Como é possível observar, no pensamento de Gramsci, não se apresenta nenhuma intenção de ruptura com a perspectiva da totalidade. Além disso, é relevante ressaltar que a lógica de reduzi-lo a um teórico da cultura, da subjetividade, das instituições, em síntese, da “superestrutura” é uma forma de destituir seu pensamento dos fundamentos quanto à transformação das condições materiais e simbólicas de existência das classes subalternas. A reforma intelectual e moral não significa uma espécie de autonomização entre economia e política. Ao contrário, em Gramsci, há uma relação dialética e contraditória entre economia e política, de tal forma que “pensar-se a construção de uma nova forma social, uma nova sociabilidade, só é possível se se

pensam conjuntamente as formas específicas de sua realização – a um tempo – material e simbólica” (DIAS, 1996, p. 10).

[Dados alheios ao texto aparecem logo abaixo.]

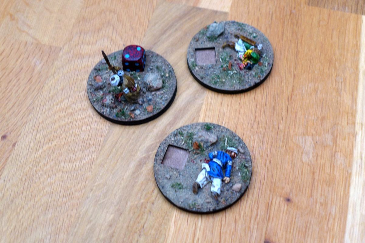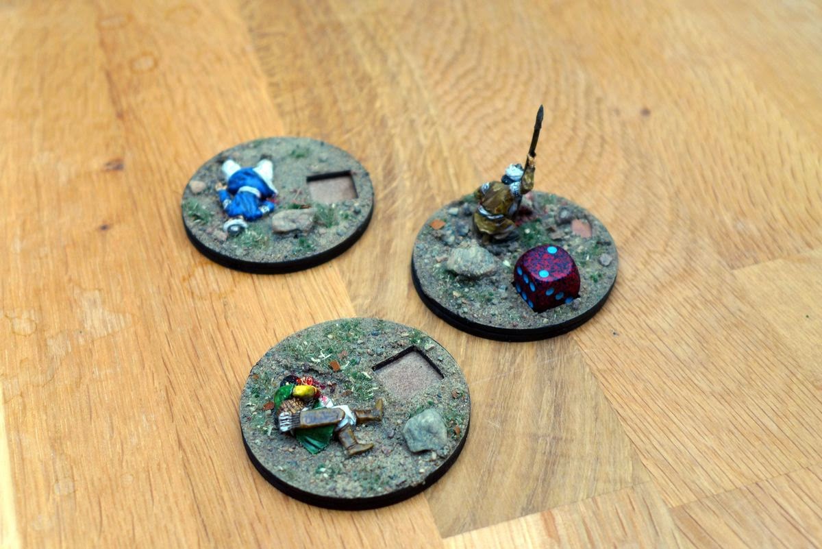 Crafty solution for a casualty marker and nice painting on the minis! Now all that's left is to send your men forward, and hopefully get some hits :0)
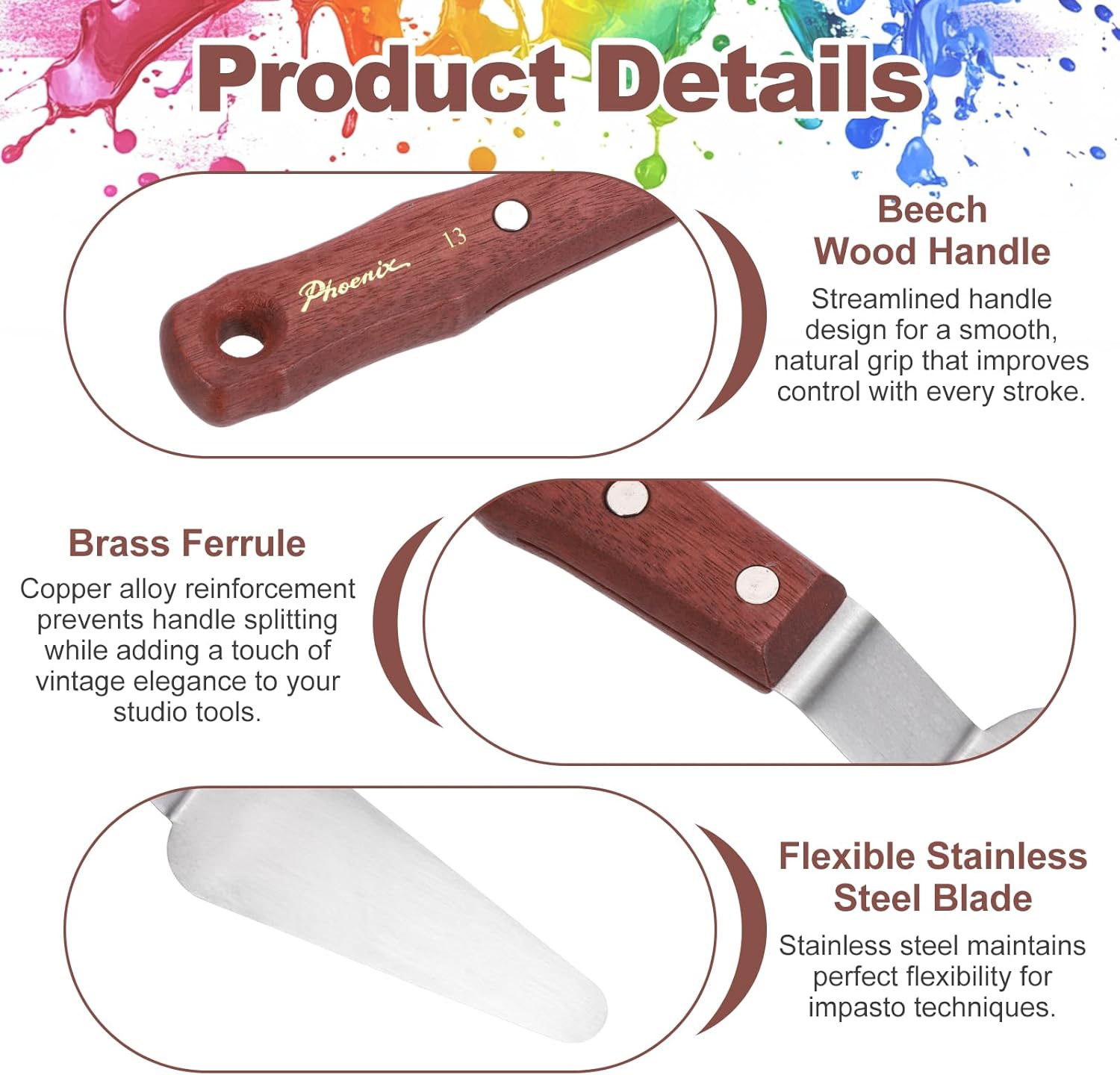 - These versatile painting knives enable techniques like spreading, smoothing, and mixing—perfect for pre-mixing paints or textured effects. Essential for watercolor, oil, canvas, and street art. Painting knives sets suit all artists: professionals, teachers, beginners and enthusiasts seeking precision control.
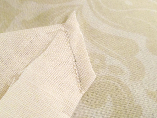 There are two classic hemming techniques shown below. The napkins feature a narrow ¼” double-fold hem with clean corners, which is an easy folding technique that creates a tidy, unobtrusive hem all around.
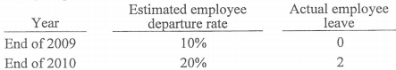 四、On January 1,2009,Across Company grants the company’s 10 employees options to purchase 103000 shares each of company’s $10 par value common stock. Each grant is conditional upon the employee working for the company over the next two years. Vesting occurs if the employee stays with the company for a two-year period. Once vested, the employee may exercise the options within the next one year. The option exercise price per share is $60,and the market price of the stock at the date of grant is $68 per share. The Company computes the fair value of the option by applying an option-pricing model to be $28 per option. The estimated employee departure rate and actual employee departures over the two-year period as follows:
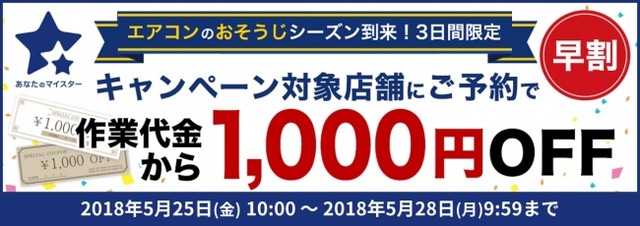 ユアマイスター株式会社(本社:東京都渋谷区、代表取締役社長:星野貴之、以下:ユアマイスター)は本日から、当社が運営するサイト『あなたのマイスター』にて、エアコンクリーニングなどを対象とした「梅雨前かけ込みキャンペーン(以下、本キャンペーン)」を期間限定で開始しますことをお知らせいたします。本キャンペーンは、5月25日(金)10:00~28日(月)09:59までの期間で実施します。
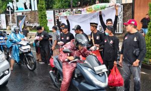 Meski sempat diguyur hujan deras di lokasi kegiatan, kondisi tersebut tidak menyurutkan semangat panitia untuk tetap menjalankan aksi sosial berbagi kepada masyarakat yang melintas di pusat kota tersebut.
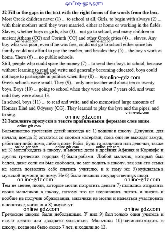 Готовые домашние задания по Английскому языку за 10 класс Учебник Биболетова, Денисенко Enjoy English 2016 - Unit 1. Start anew 22
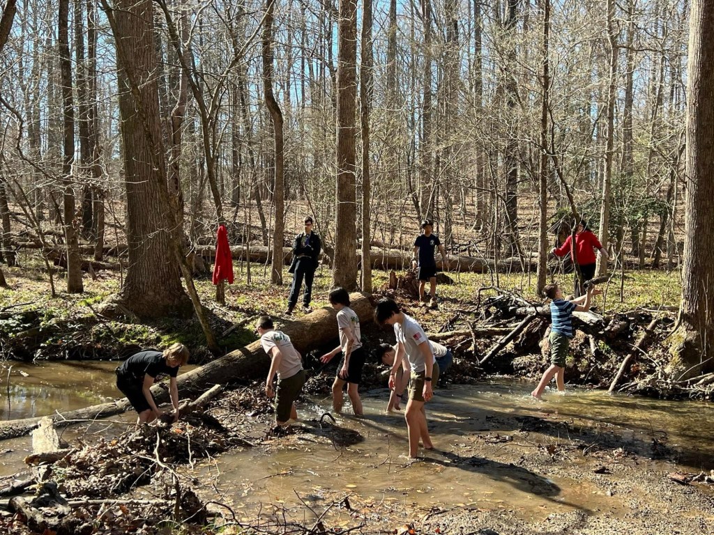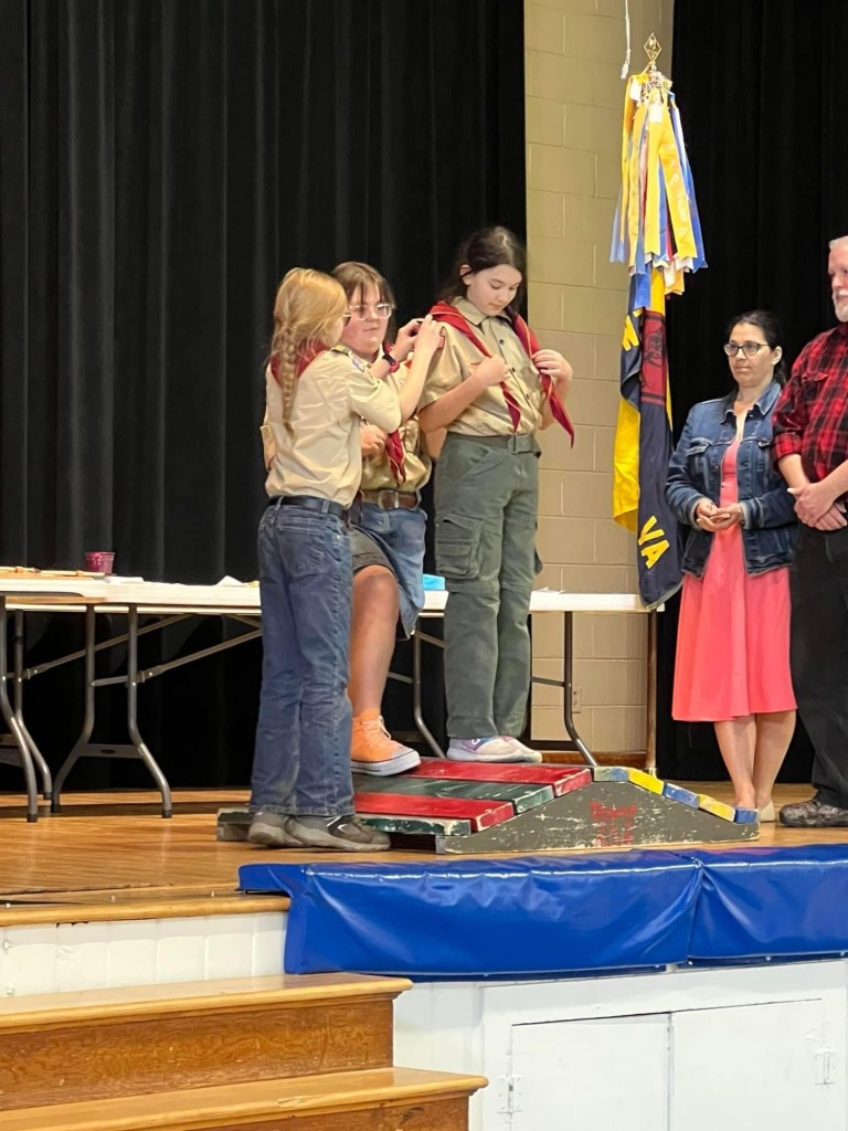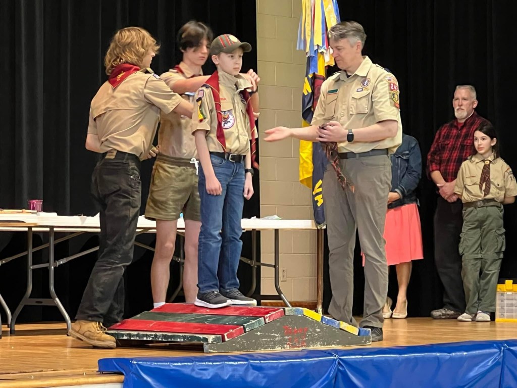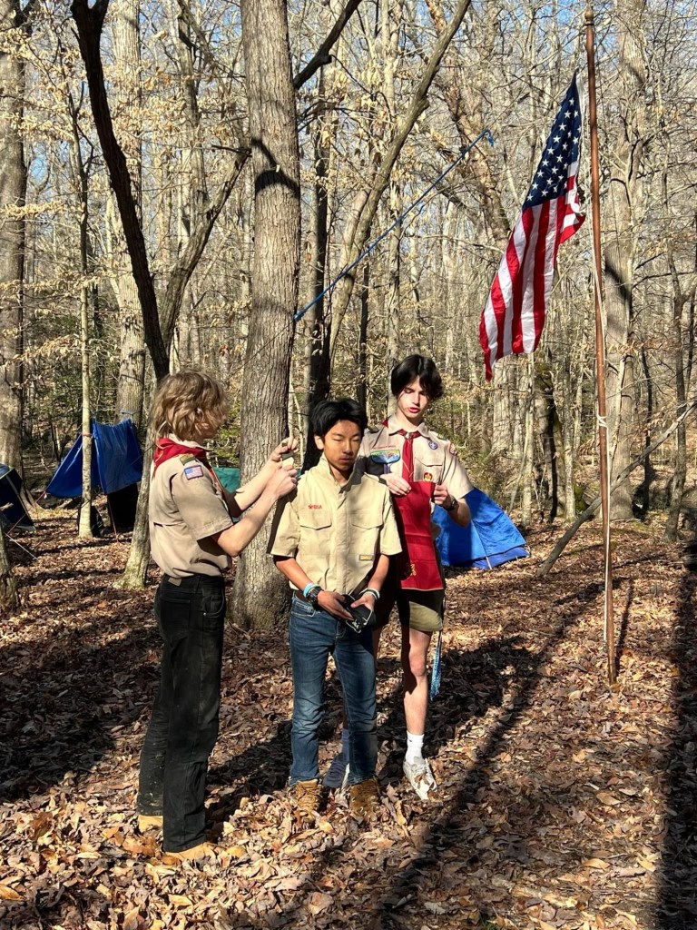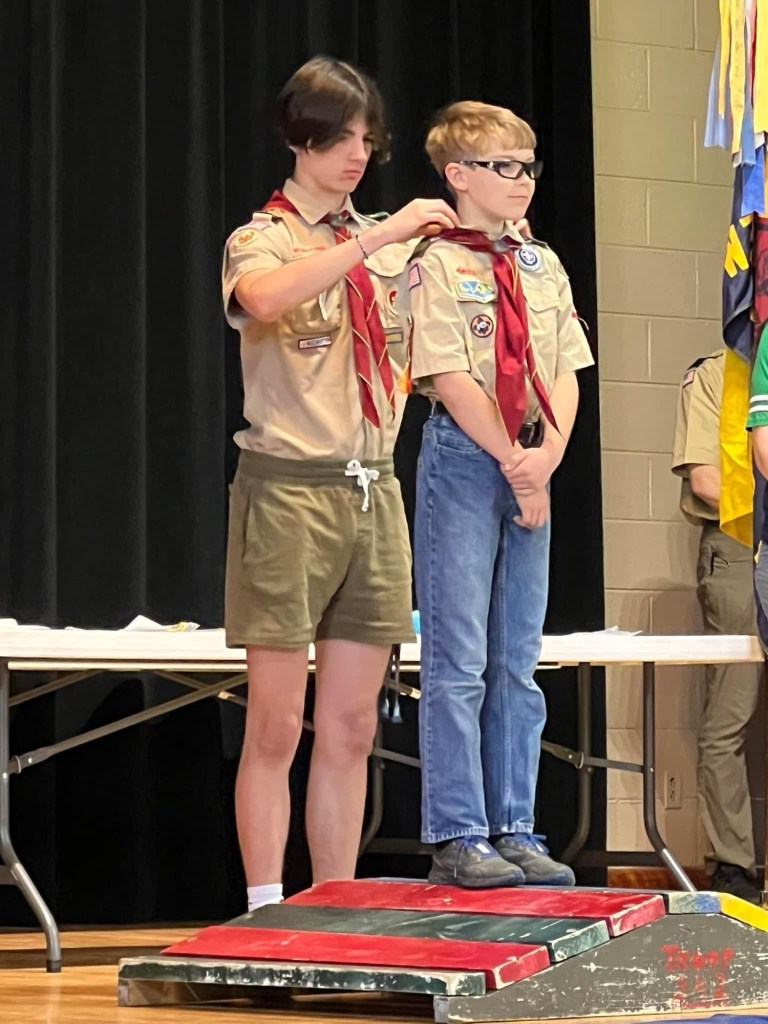During our crossover campout we welcomed three new scouts to Troop 242! Dexter, Lucas, Carmela crossed over from Pack 242 to Troop 242 during their Blue and Gold banquet. We took them back to our campsite and they got started right away on rank requirements. They also earned their Totin’ Chip and Firem’n Chit. Scouts also worked on a Conservation Project and Jack was presented with his official neckerchief and epaulettes.

A concepção de sociedade civil proposta por Gramsci não poderia, então, romper com a dimensão dos interesses classistas. No seu pensamento, a sociedade civil não pode ser pensada como portadora de uma suposta neutralidade ou posicionada numa única direção política. Isto redundaria numa perspectiva homogeneizadora de interesses e visão de mundo. Diferentemente do pensamento liberal, o autor dos cadernos do cárcere, reconhece que as ideologias e os projetos classistas se expressam, através dos sujeitos coletivos. A sociedade civil em Gramsci longe de se orientar de modo neutro ou unívoco, reúne, contraditoriamente, interesses estruturalmente desiguais, tendo no horizonte a racionalidade classista dominante (DIAS, 1996).

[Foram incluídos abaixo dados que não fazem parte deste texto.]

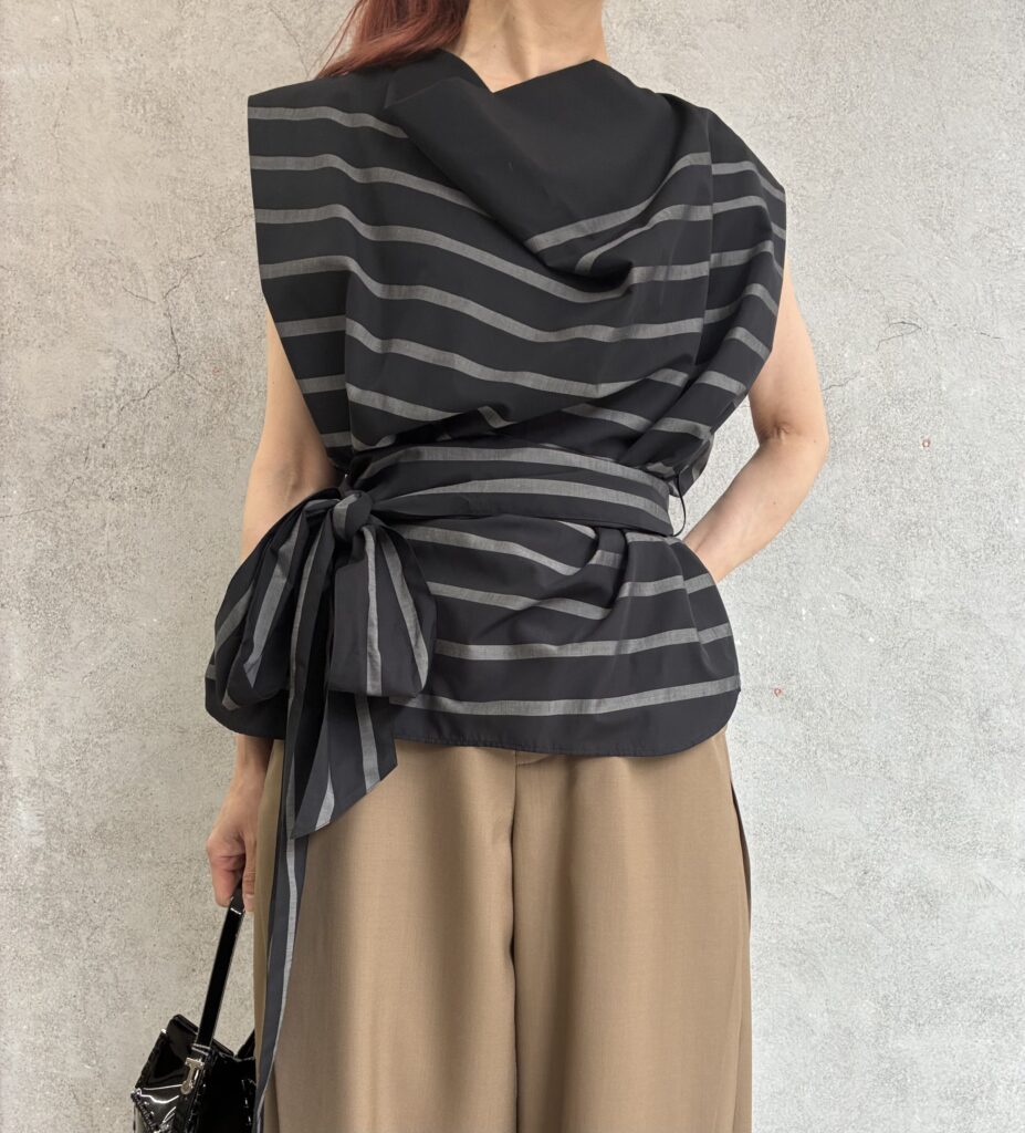 ボーダーTOPS にドレープをプラスし、女性らしいエレガント感を演出してくれます。

A interpretação concedida à sociedade civil, pela “esquerda democrática”, põe, assim, em circulação, ainda que contra a vontade de alguns sujeitos individuais e coletivos, a ruptura com qualquer forma de narrativa que busque apanhar as determinações do modo de ser da individualidade e do estado atual das coisas. Tudo se passa como se o que restasse a fazer se constituísse na perspectiva de garantir melhoria nas condições de vida ou como afirma Wood (2003, p. 205):

por mais diferentes que sejam os métodos para dissolver conceitualmente o capitalismo – o que inclui tudo desde a teoria do pós-fordismo até os `estudos culturais´ pós-modernos e a `política de identidade´ -, eles em geral têm em comum um conceito especialmente útil: `sociedade civil´.

Considerando as contribuições gramscianas sabemos que este é um processo ideológico de enorme efeito, até porque as ideias, quando se enraízam, têm força material. O problemático, neste momento histórico, é que as forças dominantes se empenham para conquistar corações e mentes dos indivíduos e dos sujeitos coletivos, e, de modo especial, das lideranças que foram construídas na oposição à sociabilidade burguesa. Assim, os espaços históricos de elaboração de resistência são fortemente abalados e atravessados pela ideia de diluir o capitalismo enquanto modo de produção e projeto civilizatório.

No lugar do capitalismo, o poder da “sociedade” enquanto algo abstrato e, assim, os problemas existentes são tratados como decorrentes diretamente do modo de ser de cada indivíduo,

como se suas características pessoais fossem atributos de um Eu isolado das relações sociais. Dissemina-se uma intensa desvalorização dos espaços coletivos que são orgânicos à formação crítica numa perspectiva de totalidade. Acentua-se, e afirma-se o aprimoramento da ordem burguesa, ainda que na realidade, isto signifique a aceitação da desigualdade social como naturalidade e modo de ser instituído. O pensamento da “esquerda democrática” transita num campo minado: por um lado se empenha para controlar a fúria destrutiva do capital, apostando todas suas fichas, na realização dos direitos humanos; na sustentabilidade socioambiental; na universalidade dos serviços de saúde e de educação, dentre outras questões. Por outro lado, fica refém dos interesses do capital e se orienta para aprofundar a direção sócio-histórico-cultural imposta por esses interesses.